В этих песнопениях нет ничего, кроме углубленной молитвенной созерцательности и необыкновенной простоты музыкальной формы, но производить ими впечатление может только тот, кто постиг тайну исполнения. Любимый мой регент знал эту тайну и достигал того, что люди слушали именно эти простые песнопения и заслушивались и предпочитали их всяким другим – сложным и вычурным.
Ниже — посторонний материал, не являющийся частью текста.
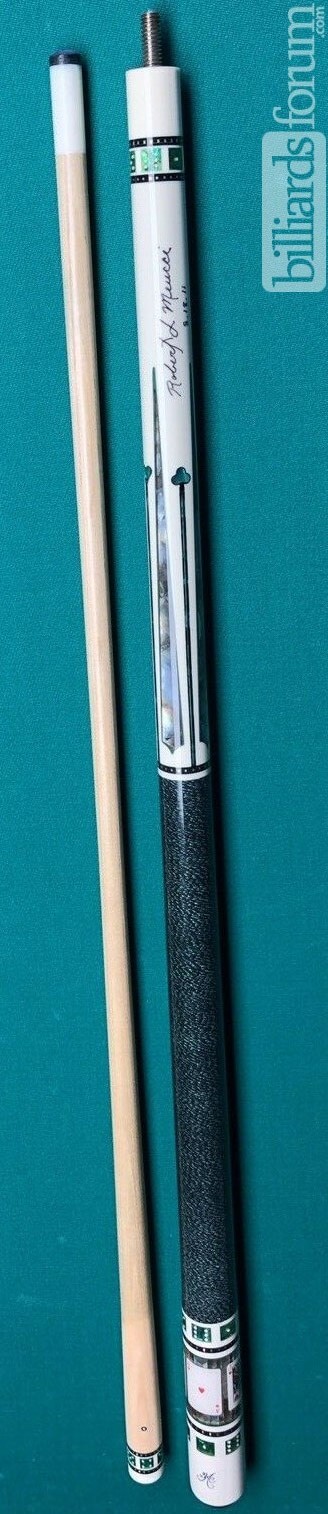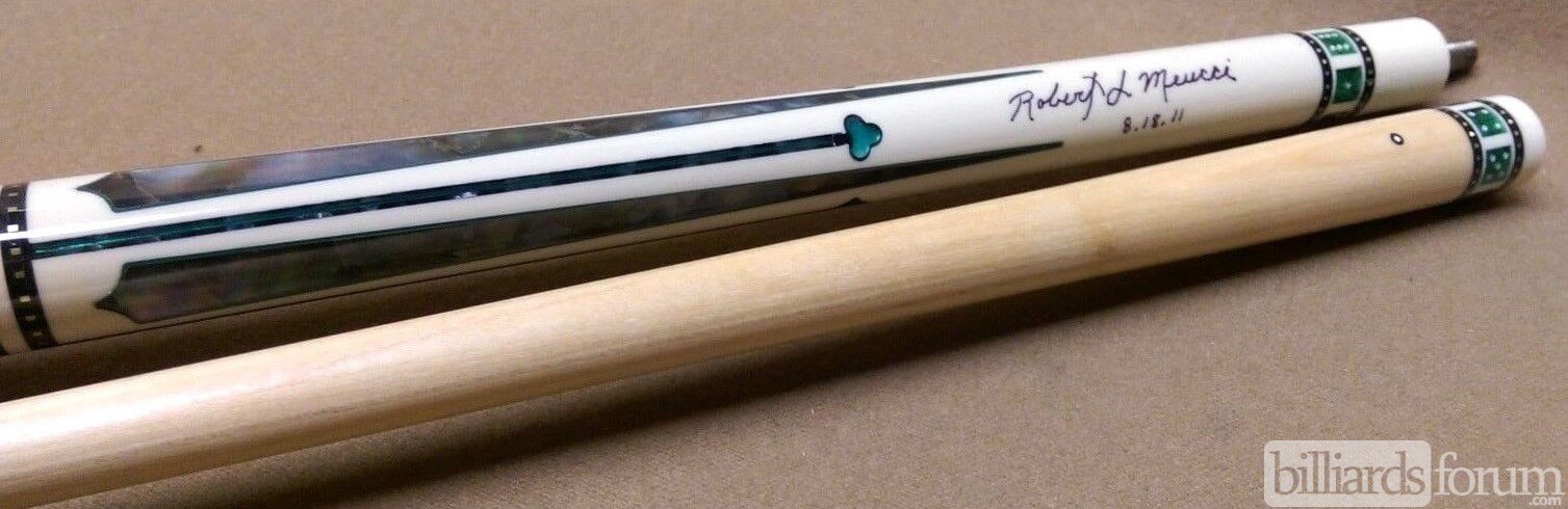 A BMC Casino 2 Hearts pool cue that was for sale in the past. This one is signed by Bob Meucci and dated 2010-02-25.

Позже, когда вырос и стал артистом, я понял, что у меня, у маленького, «губа была не дура», – мне нравилось, оказывается, самое трудное, но и самое ценное в исполнении – так называемое sostenuto (т. е. сдержанность). Накричать-то каждый может, это легко. А вот попробуй-ка сдержать голос и темперамент и попытайся создать настроение, не прибегая к приемам ослепления слушателя – к вычурности, к контрастности и прочему. И ты увидишь – как это трудно… Это доступно лишь крупным художникам!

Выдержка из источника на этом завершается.